Entries provided Block Start
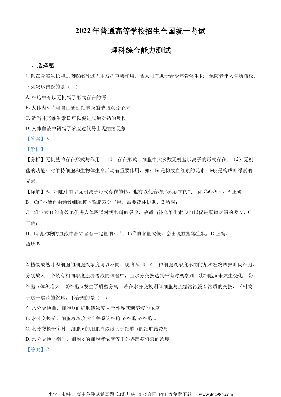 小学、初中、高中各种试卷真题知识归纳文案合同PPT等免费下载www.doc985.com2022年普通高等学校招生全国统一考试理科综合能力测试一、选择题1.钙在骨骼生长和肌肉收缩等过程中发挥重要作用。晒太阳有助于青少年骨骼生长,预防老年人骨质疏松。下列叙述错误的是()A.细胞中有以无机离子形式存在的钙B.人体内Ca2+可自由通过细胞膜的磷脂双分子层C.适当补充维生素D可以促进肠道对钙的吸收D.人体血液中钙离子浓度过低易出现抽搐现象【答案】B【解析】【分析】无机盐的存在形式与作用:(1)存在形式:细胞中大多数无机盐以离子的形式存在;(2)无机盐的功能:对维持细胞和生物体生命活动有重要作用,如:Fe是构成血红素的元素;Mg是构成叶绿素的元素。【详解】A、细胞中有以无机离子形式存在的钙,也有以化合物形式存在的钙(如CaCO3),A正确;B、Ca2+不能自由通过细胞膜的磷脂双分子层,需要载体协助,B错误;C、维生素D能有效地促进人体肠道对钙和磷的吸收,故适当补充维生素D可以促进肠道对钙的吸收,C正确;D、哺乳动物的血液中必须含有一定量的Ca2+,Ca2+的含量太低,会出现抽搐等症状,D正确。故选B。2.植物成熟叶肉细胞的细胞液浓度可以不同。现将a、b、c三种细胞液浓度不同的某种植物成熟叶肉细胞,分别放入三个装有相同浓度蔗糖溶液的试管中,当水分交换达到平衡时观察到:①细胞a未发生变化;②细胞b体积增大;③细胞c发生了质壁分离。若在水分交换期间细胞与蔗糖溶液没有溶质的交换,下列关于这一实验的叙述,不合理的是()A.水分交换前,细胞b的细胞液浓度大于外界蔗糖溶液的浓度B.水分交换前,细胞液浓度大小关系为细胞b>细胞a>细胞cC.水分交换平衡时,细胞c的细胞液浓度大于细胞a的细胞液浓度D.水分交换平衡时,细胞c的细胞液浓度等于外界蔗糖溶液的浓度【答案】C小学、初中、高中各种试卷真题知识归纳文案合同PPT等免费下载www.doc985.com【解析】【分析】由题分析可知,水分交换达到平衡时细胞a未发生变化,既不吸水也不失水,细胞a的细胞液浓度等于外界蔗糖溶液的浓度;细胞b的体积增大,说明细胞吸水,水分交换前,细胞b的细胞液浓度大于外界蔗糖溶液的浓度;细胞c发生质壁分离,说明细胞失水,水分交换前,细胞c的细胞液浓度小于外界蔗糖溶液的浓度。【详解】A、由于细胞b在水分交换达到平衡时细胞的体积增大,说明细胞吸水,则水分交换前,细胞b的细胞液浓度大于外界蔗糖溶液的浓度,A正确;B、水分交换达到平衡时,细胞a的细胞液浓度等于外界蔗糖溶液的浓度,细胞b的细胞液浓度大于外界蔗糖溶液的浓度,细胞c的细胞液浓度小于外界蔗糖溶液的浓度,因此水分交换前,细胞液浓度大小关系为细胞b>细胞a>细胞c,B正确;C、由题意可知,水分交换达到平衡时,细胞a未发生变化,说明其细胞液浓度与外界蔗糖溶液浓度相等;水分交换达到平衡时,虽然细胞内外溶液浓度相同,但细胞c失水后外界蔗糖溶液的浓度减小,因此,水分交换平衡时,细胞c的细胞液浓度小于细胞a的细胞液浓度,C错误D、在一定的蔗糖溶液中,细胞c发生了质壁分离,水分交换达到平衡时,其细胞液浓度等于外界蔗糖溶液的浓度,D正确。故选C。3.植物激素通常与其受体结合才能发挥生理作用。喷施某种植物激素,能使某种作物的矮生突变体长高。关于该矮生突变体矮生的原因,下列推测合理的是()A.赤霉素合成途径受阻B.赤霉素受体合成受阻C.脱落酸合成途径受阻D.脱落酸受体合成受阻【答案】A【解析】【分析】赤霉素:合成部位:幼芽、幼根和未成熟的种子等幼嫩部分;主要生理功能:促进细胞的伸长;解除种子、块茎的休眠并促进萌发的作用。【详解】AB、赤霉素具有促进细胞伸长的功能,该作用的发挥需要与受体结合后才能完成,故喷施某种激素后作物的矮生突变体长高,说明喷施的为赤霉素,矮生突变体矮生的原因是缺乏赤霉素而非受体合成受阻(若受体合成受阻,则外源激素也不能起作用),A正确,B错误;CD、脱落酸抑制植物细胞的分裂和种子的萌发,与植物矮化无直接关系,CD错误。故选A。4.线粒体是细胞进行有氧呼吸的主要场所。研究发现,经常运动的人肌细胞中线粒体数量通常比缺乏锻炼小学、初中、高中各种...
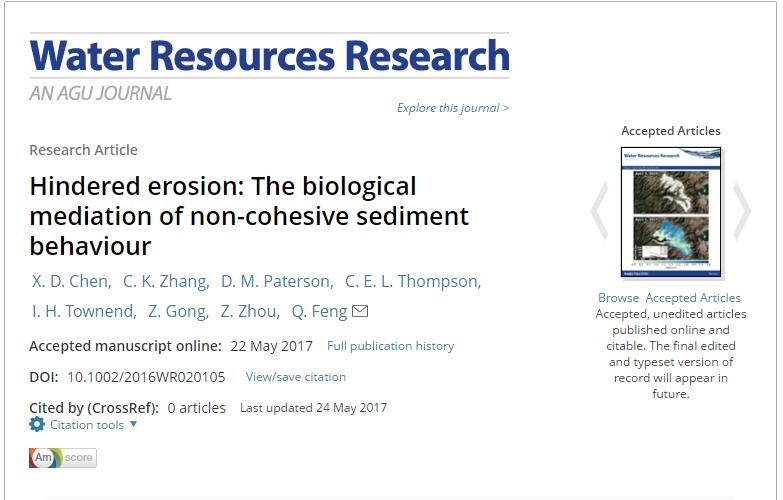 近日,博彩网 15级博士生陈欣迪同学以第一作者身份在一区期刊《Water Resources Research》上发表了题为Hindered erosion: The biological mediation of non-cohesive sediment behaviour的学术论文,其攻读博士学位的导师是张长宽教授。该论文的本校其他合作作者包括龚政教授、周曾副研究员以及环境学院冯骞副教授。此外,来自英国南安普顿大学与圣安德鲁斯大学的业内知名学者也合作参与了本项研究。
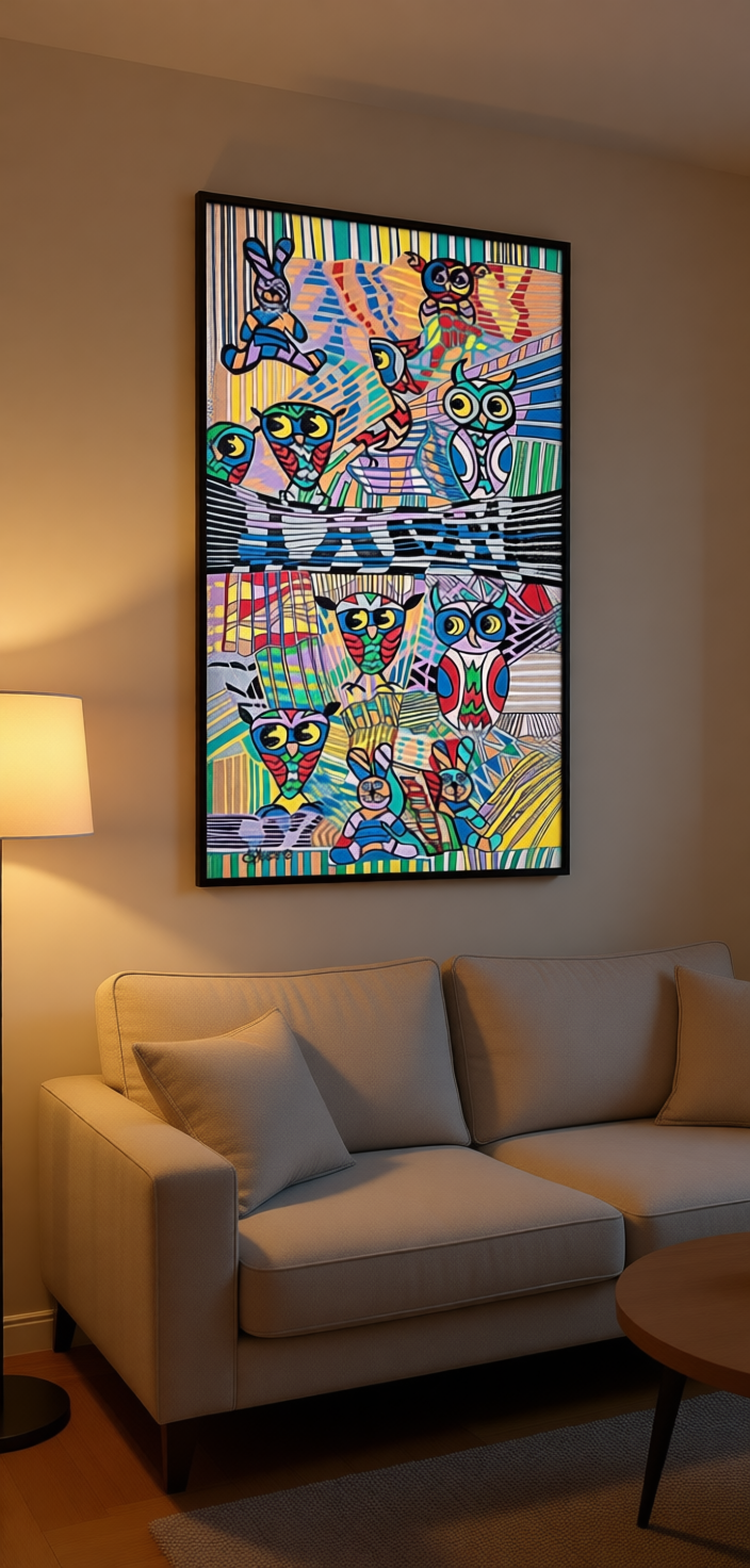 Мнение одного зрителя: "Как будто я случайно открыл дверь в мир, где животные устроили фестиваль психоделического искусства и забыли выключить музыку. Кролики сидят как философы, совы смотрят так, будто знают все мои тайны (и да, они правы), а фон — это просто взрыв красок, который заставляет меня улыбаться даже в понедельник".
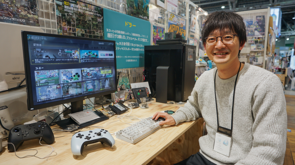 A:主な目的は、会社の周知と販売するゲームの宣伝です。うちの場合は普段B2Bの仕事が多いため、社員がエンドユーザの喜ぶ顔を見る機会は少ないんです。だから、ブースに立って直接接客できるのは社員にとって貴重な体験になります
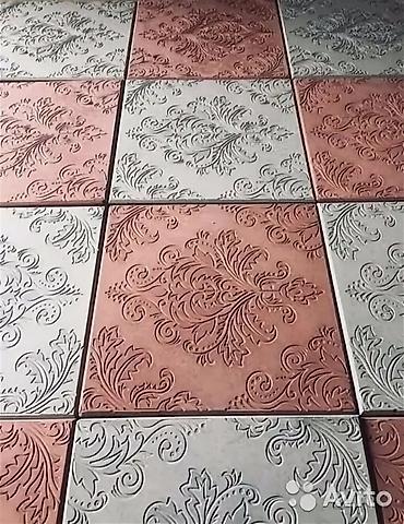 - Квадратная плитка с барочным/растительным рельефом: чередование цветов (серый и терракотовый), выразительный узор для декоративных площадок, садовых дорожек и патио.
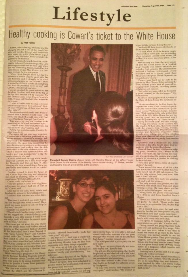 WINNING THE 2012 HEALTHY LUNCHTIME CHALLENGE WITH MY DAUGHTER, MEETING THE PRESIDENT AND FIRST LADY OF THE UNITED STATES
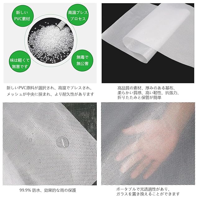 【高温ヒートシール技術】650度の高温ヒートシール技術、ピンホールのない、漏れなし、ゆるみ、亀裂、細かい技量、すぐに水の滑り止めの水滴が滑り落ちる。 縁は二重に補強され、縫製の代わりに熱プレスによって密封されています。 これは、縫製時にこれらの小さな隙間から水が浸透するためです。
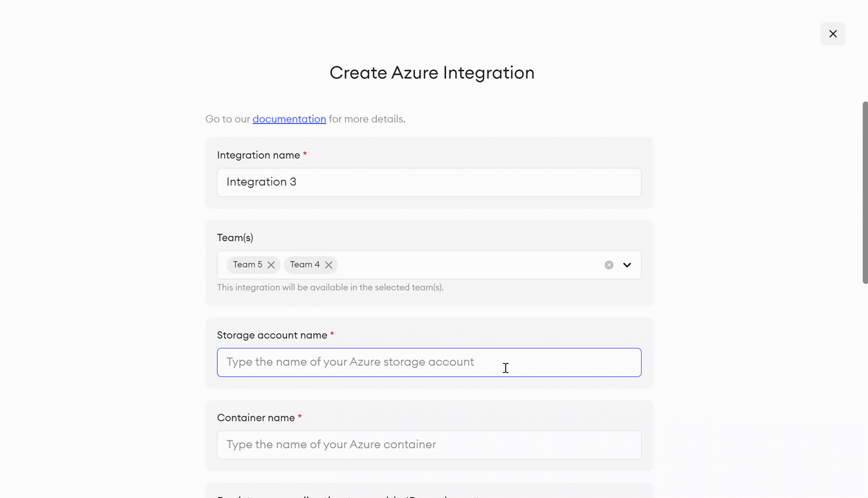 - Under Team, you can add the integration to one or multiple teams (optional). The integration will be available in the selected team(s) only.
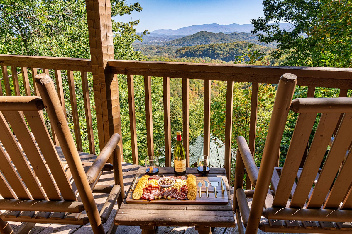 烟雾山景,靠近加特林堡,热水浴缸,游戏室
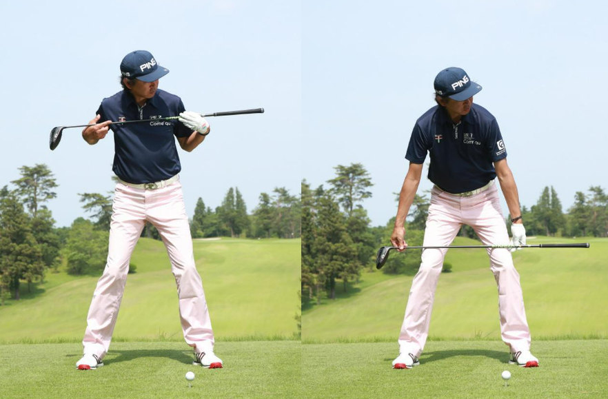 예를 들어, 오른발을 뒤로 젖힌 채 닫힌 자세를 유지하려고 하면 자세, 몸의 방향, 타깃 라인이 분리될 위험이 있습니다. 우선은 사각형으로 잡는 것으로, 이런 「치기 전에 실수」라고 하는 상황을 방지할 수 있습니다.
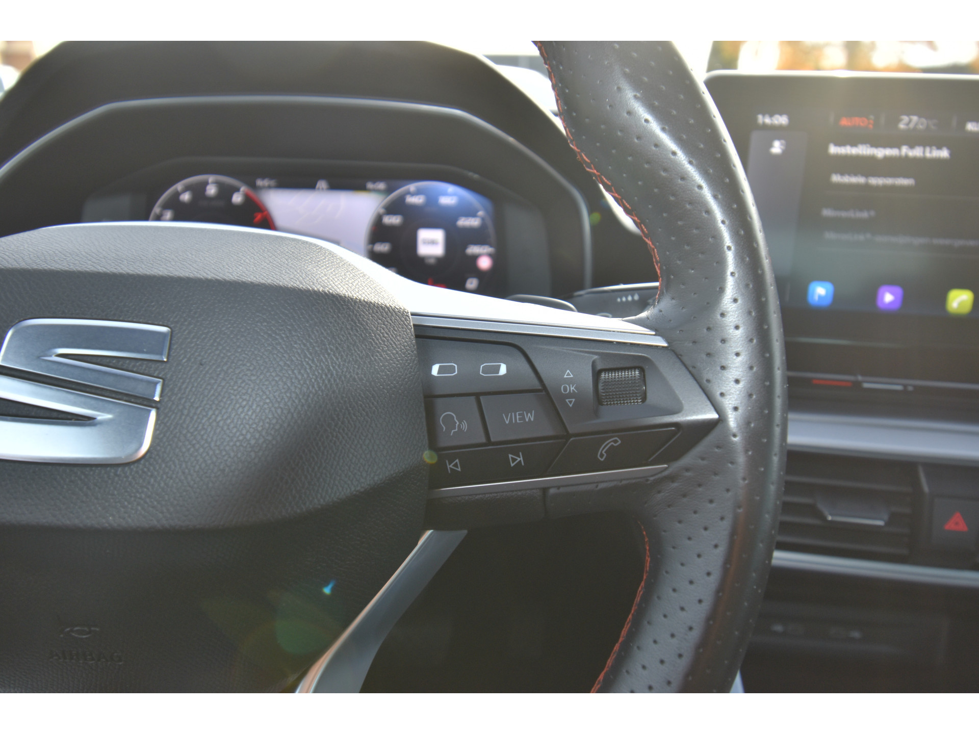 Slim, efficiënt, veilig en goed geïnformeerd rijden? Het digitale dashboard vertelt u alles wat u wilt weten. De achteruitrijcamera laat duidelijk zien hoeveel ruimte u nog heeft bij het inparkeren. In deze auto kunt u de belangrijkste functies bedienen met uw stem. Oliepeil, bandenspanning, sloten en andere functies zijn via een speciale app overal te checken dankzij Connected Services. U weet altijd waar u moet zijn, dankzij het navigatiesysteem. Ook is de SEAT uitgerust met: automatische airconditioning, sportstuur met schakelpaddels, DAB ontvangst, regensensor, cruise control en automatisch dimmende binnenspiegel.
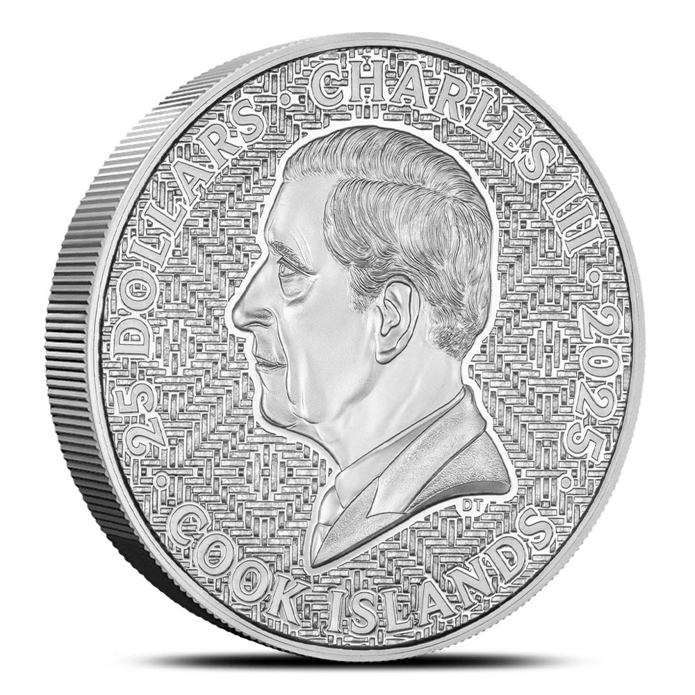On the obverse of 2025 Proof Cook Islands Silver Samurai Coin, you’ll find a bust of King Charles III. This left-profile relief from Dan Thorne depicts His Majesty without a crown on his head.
Entries provided Block End
Exact copy, no pictures. Write out the lines in the entries above, starting with the line with "WINNING THE 2012" and going on through the line with "- Under Team, you", keeping both.

 WINNING THE 2012 HEALTHY LUNCHTIME CHALLENGE WITH MY DAUGHTER, MEETING THE PRESIDENT AND FIRST LADY OF THE UNITED STATES
 【高温ヒートシール技術】650度の高温ヒートシール技術、ピンホールのない、漏れなし、ゆるみ、亀裂、細かい技量、すぐに水の滑り止めの水滴が滑り落ちる。 縁は二重に補強され、縫製の代わりに熱プレスによって密封されています。 これは、縫製時にこれらの小さな隙間から水が浸透するためです。
 - Under Team, you can add the integration to one or multiple teams (optional). The integration will be available in the selected team(s) only.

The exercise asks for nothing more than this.